Appeal from a decision of the Division of Labor Relations.
The Supreme Judicial Court on its own initiative transferred the case from the Appeals Court.
Matthew J. Buckley, Assistant City Solicitor, for the plaintiffs.
T. Jane Gabriel for the defendant.
Laurie R. Houle, Ira Fader, Colin R. Confoey, & Jason Powalisz for the interveners, submitted a brief.
SPINA, J. At issue in this case is whether the city of Somerville (city) and the school committee of Somerville (school committee) violated G. L. c. 150E, § 10 (a) (5), and, derivatively, G. L. c. 150E, § 10 (a) (1), when the city unilaterally reduced its percentage contribution to retired employees’ health insurance premiums without engaging in collective bargaining over the matter with current employees.[3] We conclude that the city and the school committee did not violate these statutory provisions. Accordingly, we reverse the decision of the Commonwealth Employment Relations Board (board), which reached a contrary conclusion.
1. Statutory framework. Our resolution of the present dispute is based on the interplay between G. L. c. 150E and G. L. c. 32B. General Laws c. 150E, § 2, protects the rights of public employees to self-organization and collective bargaining. Pursuant to G. L. c. 150E, § 6, “[t]he employer and the exclusive representative . . . shall negotiate in good faith with respect to wages, hours, standards [of] productivity and performance, and any other terms and conditions of employment . . . .” General Laws c. 150E, § 10, states, in relevant part:
“(a) It shall be a prohibited practice for a public employer or its designated representative to:
“(1) Interfere, restrain, or coerce any employee in the exercise of any right guaranteed under this chapter;
“. . .
“(5) Refuse to bargain collectively in good faith with the exclusive representative as required in section six . . . .”
“Under the Home Rule Amendment, art. 89, § 6, of the Amendments to the Massachusetts Constitution, municipalities of the Commonwealth may choose to provide health insurance coverage to their employees.” Twomey v. Middleborough, 468 Mass. 260, 261 (2014). See Cioch v. Treasurer of Ludlow, 449 Mass. 690, 695 (2007). General Laws c. 32B is a so-called “local option” statute that governs the provision of health insurance to active and retired employees of a municipality once that entity has voted to accept the terms of the statute.[4] See Twomey v. Middleborough, supra; Yeretsky v. Attleboro, 424 Mass. 315, 316 (1997). See generally D.A. Randall & D.E. Franklin, Municipal Law and Practice § 10.25 (5th ed. 2006 & Supp. 2014). When enacted, see St. 1956, c. 730, § 1, G. L. c. 32B, §§ 1 and 3, authorized municipalities to offer certain eligible persons and their dependents group indemnity health insurance coverage. Beginning in 1971, municipalities were given the option of making available to such individuals the services of a health maintenance organization (HMO) by accepting G. L. c. 32B, § 16, inserted by St. 1971, c. 946, § 5.

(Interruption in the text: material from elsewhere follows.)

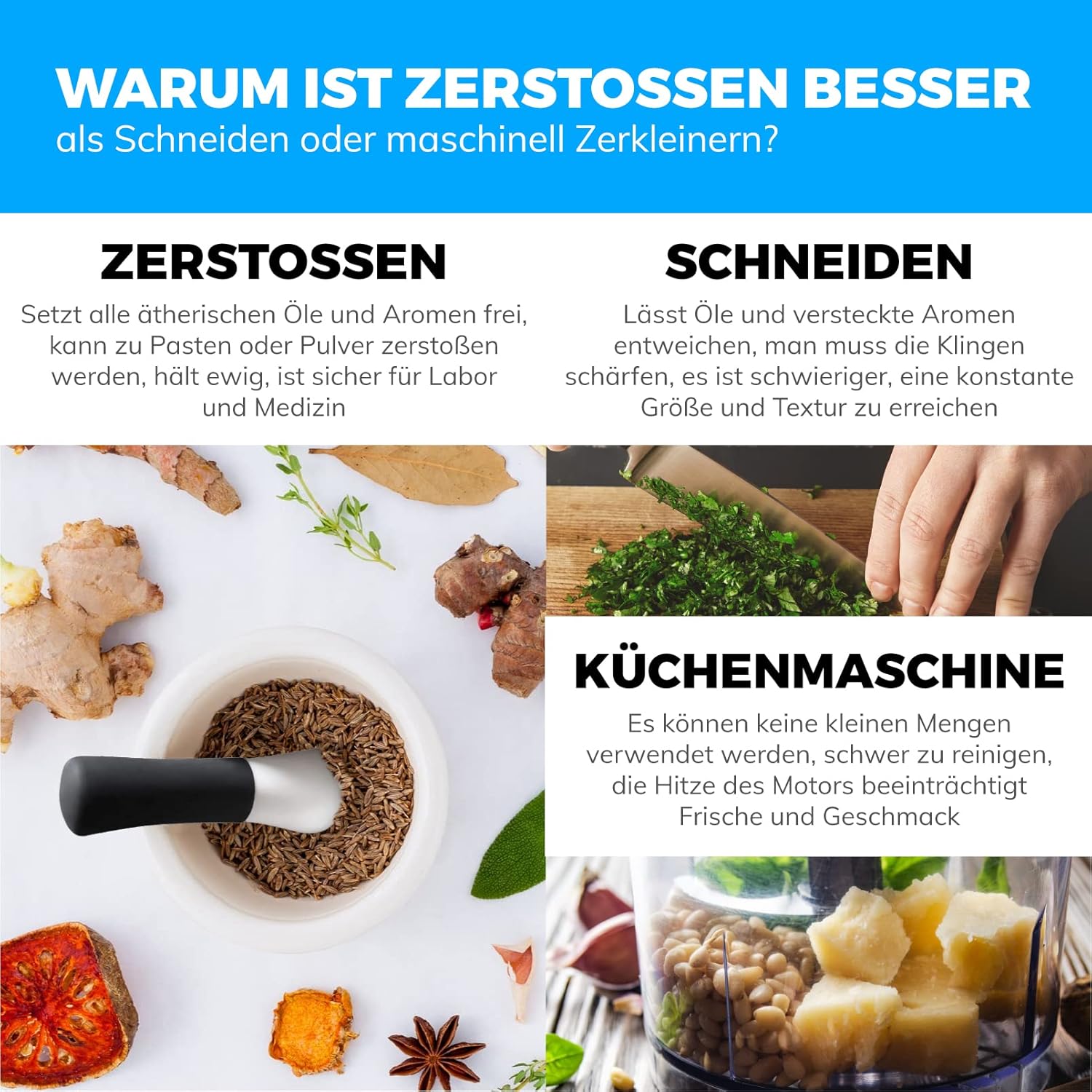 - APOTHECARY GRADE PORCELAIN- Pharmacies traditionally use non-porous porcelain to grind medication - with great reason. Consider these common issues: wood absorbs the taste of the previous grind - yuck! Marble or granite create marble powder- gross! Stone is is hard to clean, and you can't use soap to wash it! Stainless Steel can rust! Our perfectly designed, easy to clean porcelain mortar and pestle allows you to grind your spices, nuts, coffee, muddle drinks, human or pet medication, guacamole,

Pursuant to G. L. c. 32B, § 9, retirees bear the full cost of their health insurance premiums unless a municipality has accepted the more generous provisions of G. L. c. 32B, § 9A or § 9E. If a municipality accepts G. L. c. 32B, § 9A, then it may elect to pay fifty per cent of a retiree’s premium for health insurance coverage. If a municipality accepts G. L. c. 32B, § 9E, then it may elect to pay “a subsidiary or additional rate” greater than fifty per cent of a retiree’s health insurance premium.
2. Factual and procedural background. We summarize the relevant facts as stipulated by the parties in lieu of a hearing before the board. The city is a public employer within the meaning of G. L. c. 150E, § 1. The school committee is the collective bargaining agent of the city for the purpose of dealing with school employees. The Somerville Teachers Association, Somerville Police Superior Officers Association, Somerville Administrators Association, and Somerville Municipal Employees Association (collectively, the unions) are employee organizations within the meaning of G. L. c. 150E, § 1,[5] and they are the exclusive bargaining representatives for various individuals employed by the school committee and the city.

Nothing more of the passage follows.